Each of the previous five points is basic for understanding Christian marriage and could be elaborated upon at length, but in their brevity everyone capable of entering marriage should easily grasp them.

John F. Kippley
Sex and the Marriage Covenant

7. Natural Family Planning and sex and the Marriage Covenant

Friday, July 24th, 2020

The covenant theology of human sexuality is nearly identical to the papal theology of the body when the latter is applied to the marriage act.  The Pope has given us at least two statements that are not formal parts of the overall theology of the body but which apply it to the marriage act.  The longer statement is in Familiaris Consortio, his 1981 Apostolic Exhortation on the Family.

In its most profound reality, love is essentially a gift; and conjugal love, while leading the spouses to reciprocal “knowledge” which makes them “one flesh” does not end with the couple, because it makes them capable of the greatest possible gift, the gift by which they become cooperators with God for giving life to a new person.  Thus the couple, while giving themselves to one another, give not just themselves but also the reality of children, who are a living reflection of their love, a permanent sign of conjugal unity and a living and inseparable synthesis of their being a father and a mother.

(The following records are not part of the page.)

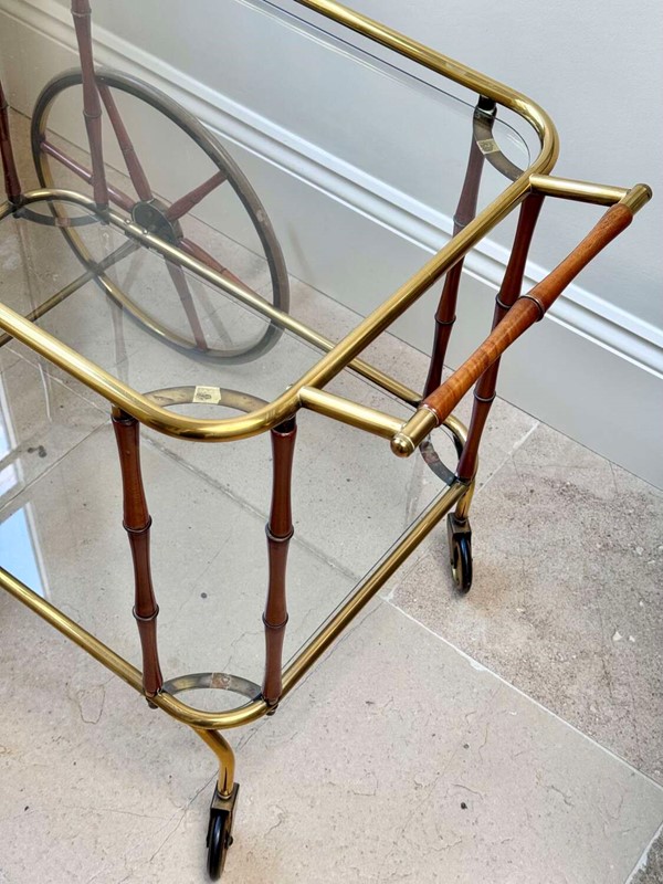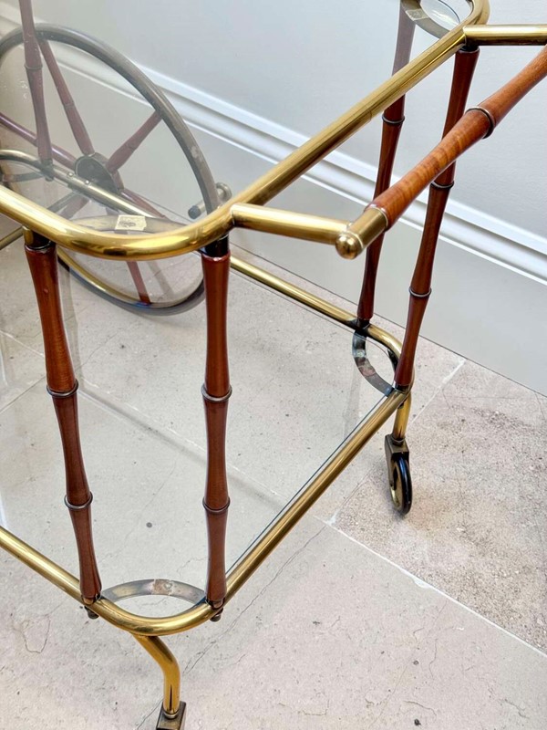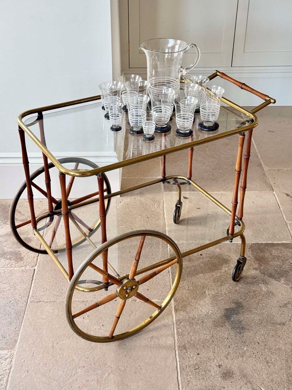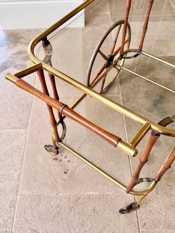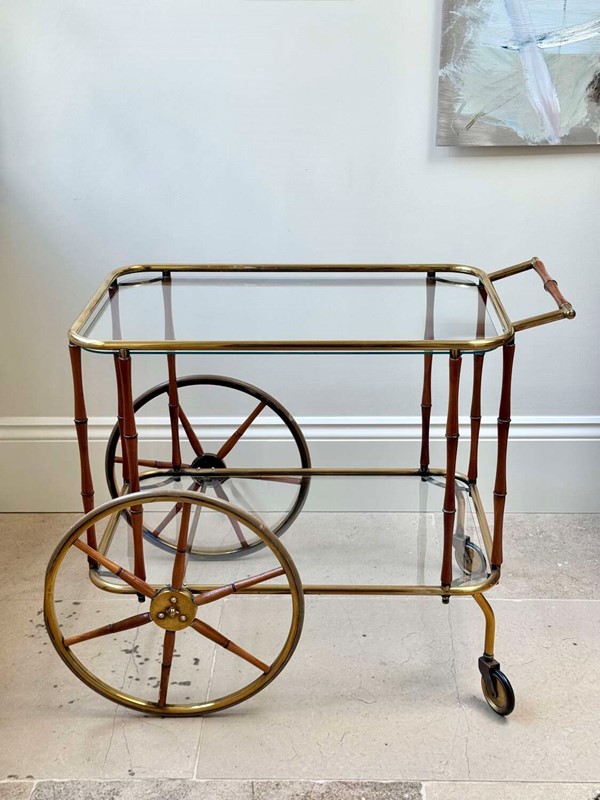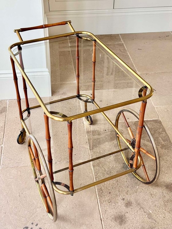 A superb quality French vintage faux bamboo wooden and brass cocktail trolley by Maison Jansen, Circa 1960. In excellent original condition, this striking bar cart has large scale front wheels, glass shelves and beautiful detailing. The trolley rolls along well and is perfect to wheel out when needed; looking smart as a side table when not in use.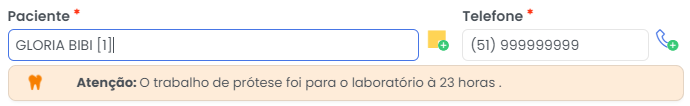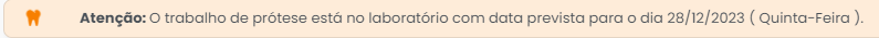 - No prontuário do Paciente, caso ele possua algum trabalho de prótese, um alerta aparecerá.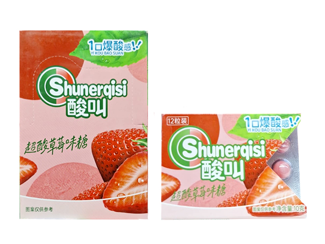 Конфета арт. 112901/112840 Суперкислая "Клубника" 10 г на листе 30 шт. в кор.*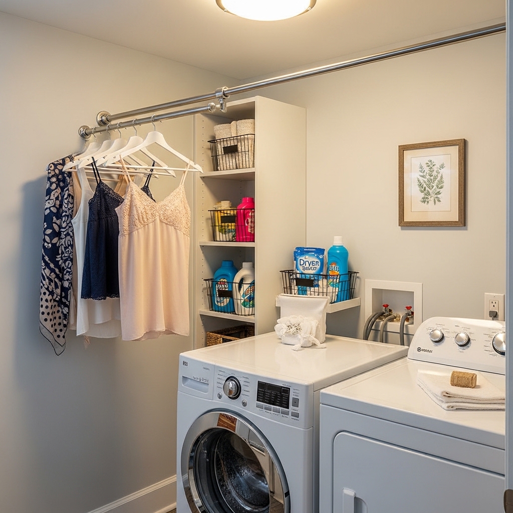 Add small shelves for stain removers, wool dryer balls, and mesh laundry bags.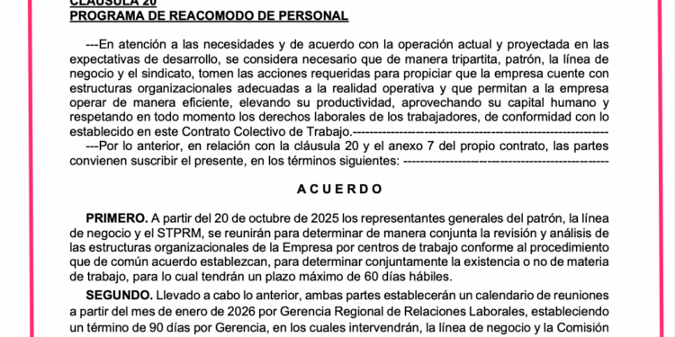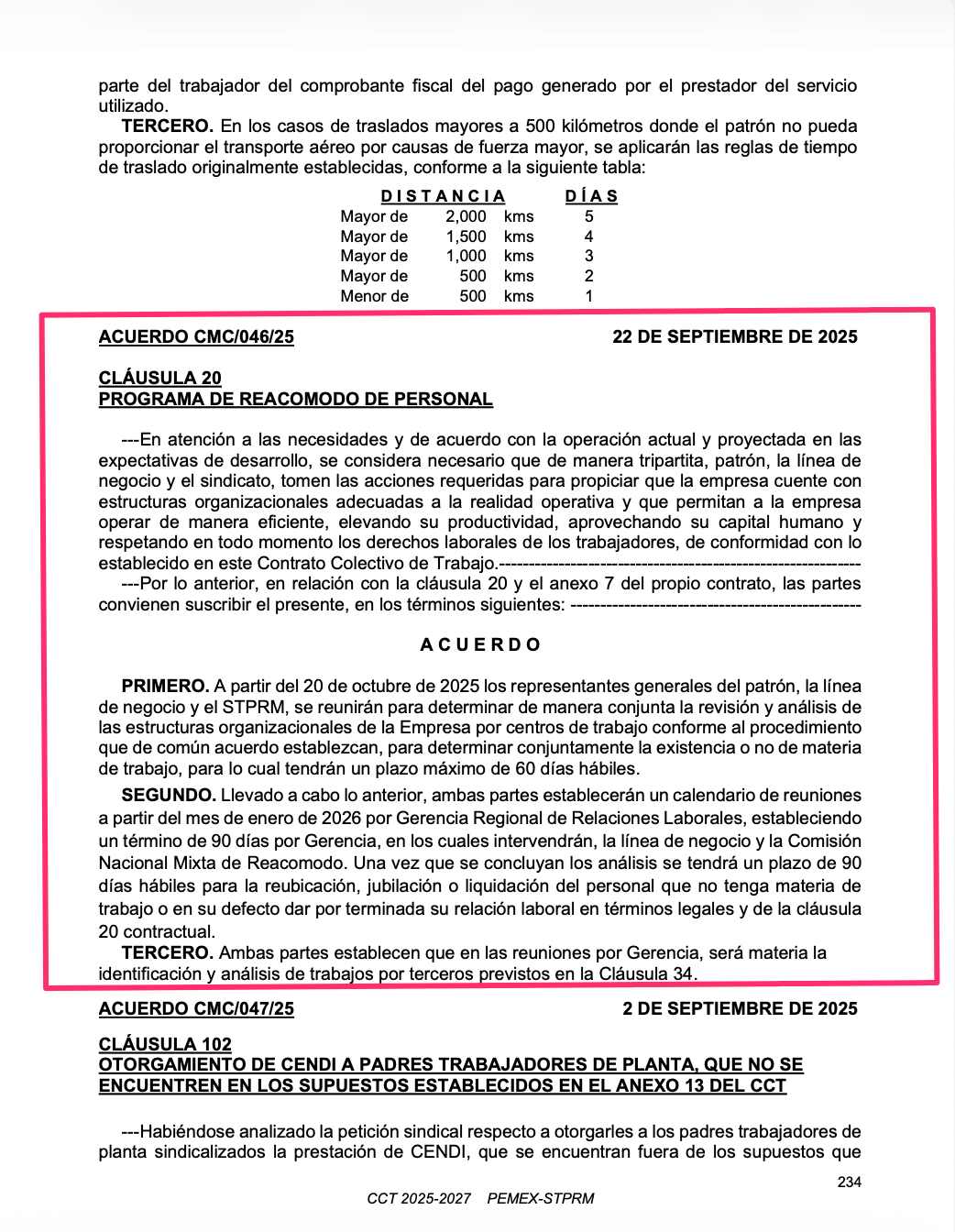 Denuncia al 9933989844… 🚩⚠️‼️🧑‍🏭 ¡Acuerdo CMC/046/25, otra sorpresita del Delfín ALDANA en CCTV 2025-27; contempla reubicación, jubilación o liquidación de trabajadores!; zozobra entre trabajadores agremiados al STPRM, ya que en la página 234 del Contrato Colectivo de Trabajo 2025-2027 recién firmado por este sindicato petrolero y @Pemex aparece el Acuerdo CMC/046/25 del pasado 22 de septiembre derivado de las mesas de negociaciones previas, que dispone: 1.- A partir del 20 de octubre de 2025 los representantes generales del patrón, la línea de negocio y el STPRM, se reunirán para determinar de manera conjunta la revisión y análisis de las estructuras organizacionales de la Empresa por centros de trabajo conforme al procedimiento que de común acuerdo establezcan, para determinar conjuntamente la existencia o no de materia de trabajo, para lo cual tendrán un plazo máximo de 60 días hábiles; 2.- Llevado a cabo lo anterior, ambas partes establecerán un calendario de reuniones a partir del mes de enero de 2026 por Gerencia Regional de Relaciones Laborales, estableciendo un término de 90 días por Gerencia, en los cuales intervendrán, la línea de negocio y la Comisión Nacional Mixta de Reacomodo; una vez que se concluyan los análisis se tendrá un plazo de 90 días hábiles para la reubicación, jubilación o liquidación del personal que no tenga materia de trabajo o en su defecto dar por terminada su relación laboral en términos legales y de la cláusula 20 contractual; y 3.- .Ambas partes establecen que en las reuniones por Gerencia, será materia la identificación y análisis de trabajos por terceros previstos en la Cláusula 34; por lo que para muchos petroleros de este sindicato, este acuerdo confirma que El Delfín de Deschamps, Ricardo Aldana Prieto, volvió a actuar “a espaidas a las bases”; si de por si ya estaba caliente el asunto el tema del Anexo 16 que afecta a los trabajadores en sus jubilaciones y otros conceptos, con este Acuerdo le echan más leña al fuego en el CCTV con pírricos beneficios para un universo de 89,822 trabajadores del STPRM en @Pemex ; atención @Claudiashein @MarcelaVilleg15 @CNE_Mex @SENER_mx @GobiernoMX @FGRmexico @LuzElena_GE @ASF_Mexico  @SCJN @STPS_mx @Tu_IMSS @SEMARNAT_mx @agencia_asea @CENAGAS_mx @IMPetroleo @SATMX @Hacienda_Mexico @BuenGobierno_mx @Centrofcrl #OIC #UIF #OmarReyesColmenares …Zas!!!

He wrote a shorter statement in 1994, ten years after he finished the lectures that constitute the “theology of the body.”  In his Letter to Families from Pope John Paul II, he said this about the marriage act:  In the conjugal act, husband and wife are called to confirm in a responsible way the mutual gift of self which they have made to each other in the marriage covenant.

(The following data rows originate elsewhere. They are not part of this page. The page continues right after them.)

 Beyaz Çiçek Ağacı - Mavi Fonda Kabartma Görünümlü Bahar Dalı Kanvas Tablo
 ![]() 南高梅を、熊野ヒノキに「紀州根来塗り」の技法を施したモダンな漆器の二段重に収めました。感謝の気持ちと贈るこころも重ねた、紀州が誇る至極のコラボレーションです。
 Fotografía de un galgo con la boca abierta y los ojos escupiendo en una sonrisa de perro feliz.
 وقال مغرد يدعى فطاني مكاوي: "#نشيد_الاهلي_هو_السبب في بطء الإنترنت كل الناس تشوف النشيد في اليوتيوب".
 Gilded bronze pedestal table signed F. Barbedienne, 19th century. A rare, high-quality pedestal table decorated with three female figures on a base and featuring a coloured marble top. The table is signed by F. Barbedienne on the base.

For comparison, here once again is the basic statement of the covenant theology of sexuality:  Sexual intercourse is intended by God to be at least implicitly a renewal of the marriage covenant.

In both statements, the key is that the marriage act really ought to be a true marriage act.  That is, it ought to confirm and renew the commitment, the fidelity, the love, the gift of self that they pledged in their marriage covenant. Both statements focus on what the spouses have done.  It is they who have entered into the lifelong covenant of marriage.

John F. Kippley
Sex and the Marriage Covenant

6. Natural Family Planning and Sex and the Marriage Covenant

Thursday, July 23rd, 2020

In Familiaris Consortio Pope John Paul II has asked theologians to illustrate “ever more clearly the biblical foundations, the ethical grounds, and the personalist reasons” behind the teaching against marital contraception. Furthermore, he said, “Thus it will be possible, in the context of an organic exposition, to render the teaching of the Church on this fundamental question truly accessible to all people of good will” (emphasis added). I believe that “an organic exposition” means treating the morality of birth control in the context of other sexual behaviors such as fornication, adultery and sodomy.

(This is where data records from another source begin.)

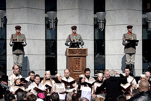 Межрелигиозная церемония переноса урн с прахом евреев Македонии, уничтоженных в Треблинке в рамках открытия нового музея Холокоста в Скопье, Македония.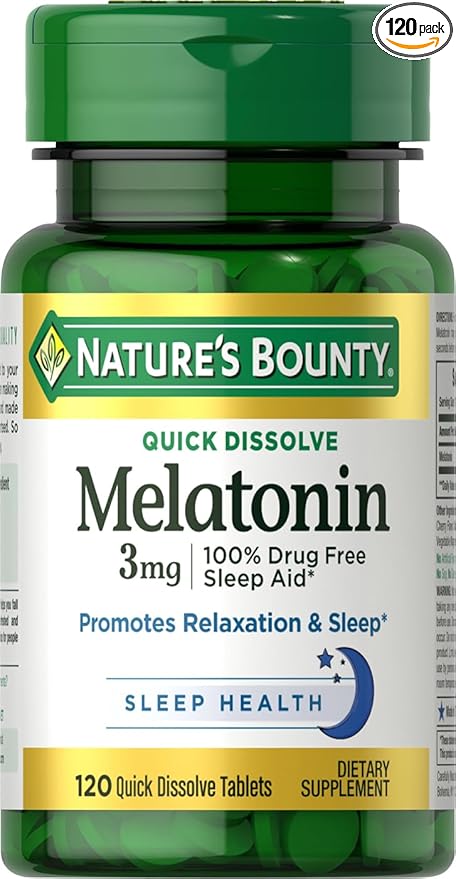 Nature's Bounty Melatonin, Promotes Relaxation & Sleep, 100% Drug Free Sleep Aid, 3 mg, 120 Quick Dissolve Tablets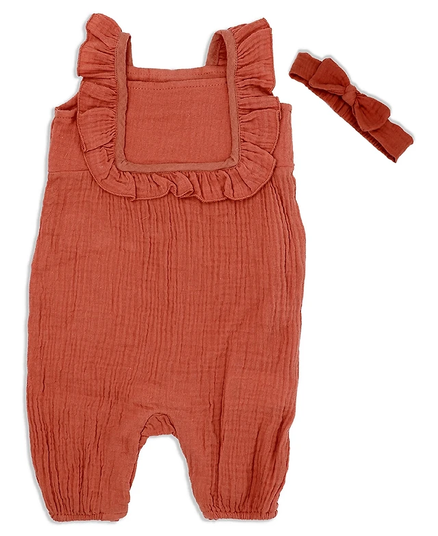 Lily & Jack Baby Girls Ruffle Sleeved Muslin Romper and Headband, 2 Piece Set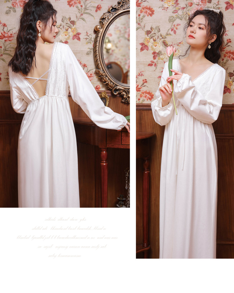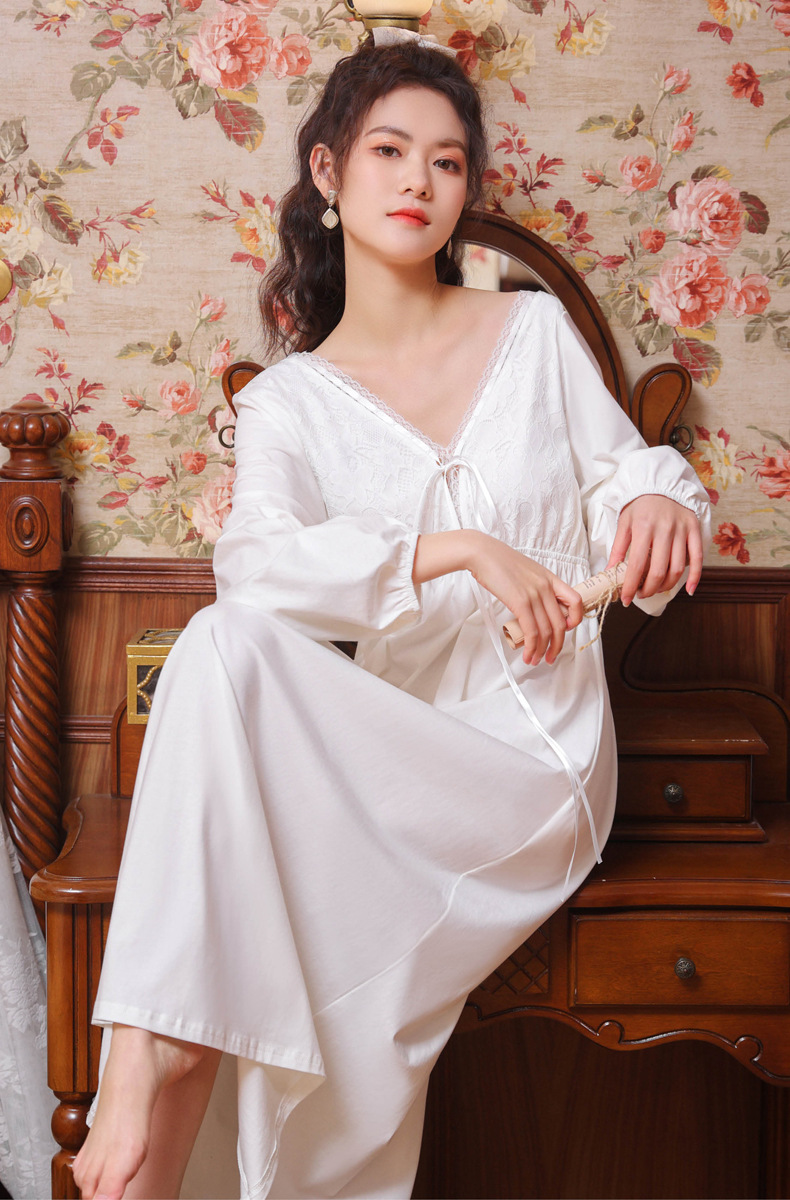 可愛い パジャマ レディース おしゃれ かわいい 長袖 ワンピース レース コットン Vネック 背中開き

The covenant theology of human sexuality is 1) almost identical to the papal “theology of the body” applied to the marriage act.  In addition, the covenant theology of sexuality fulfills the requirements for a useful theology as noted by the Pope (biblical, ethical, personalist).  In the rest of this chapter I will address each of these criteria plus several others that I think are necessary for a theology to be useful today. In short, I propose to show, very briefly in most cases, that the covenant theology of sexuality is 2) simple, 3) biblical, 4) ethical, 5) personalist, 6) theological, and 7) ecumenical. Furthermore, it lends itself to “an organic exposition,” and thus 8) it distinguishes between marital and non-marital sex. 9) It provides a key for understanding not only the evil of contraception but also the evil of adultery, fornication, sodomy and other sexual behaviors condemned as objectively sinful by the Catholic moral tradition. I believe that the covenant theology of sex is also 10) realistic. That is, it provides a terminology that avoids the sometimes-austere quality of previous theological terms, and it also avoids the subjective mushiness and inaccuracy of much of contemporary talk about sex, love and marriage. 11) It provides both a norm and an ideal.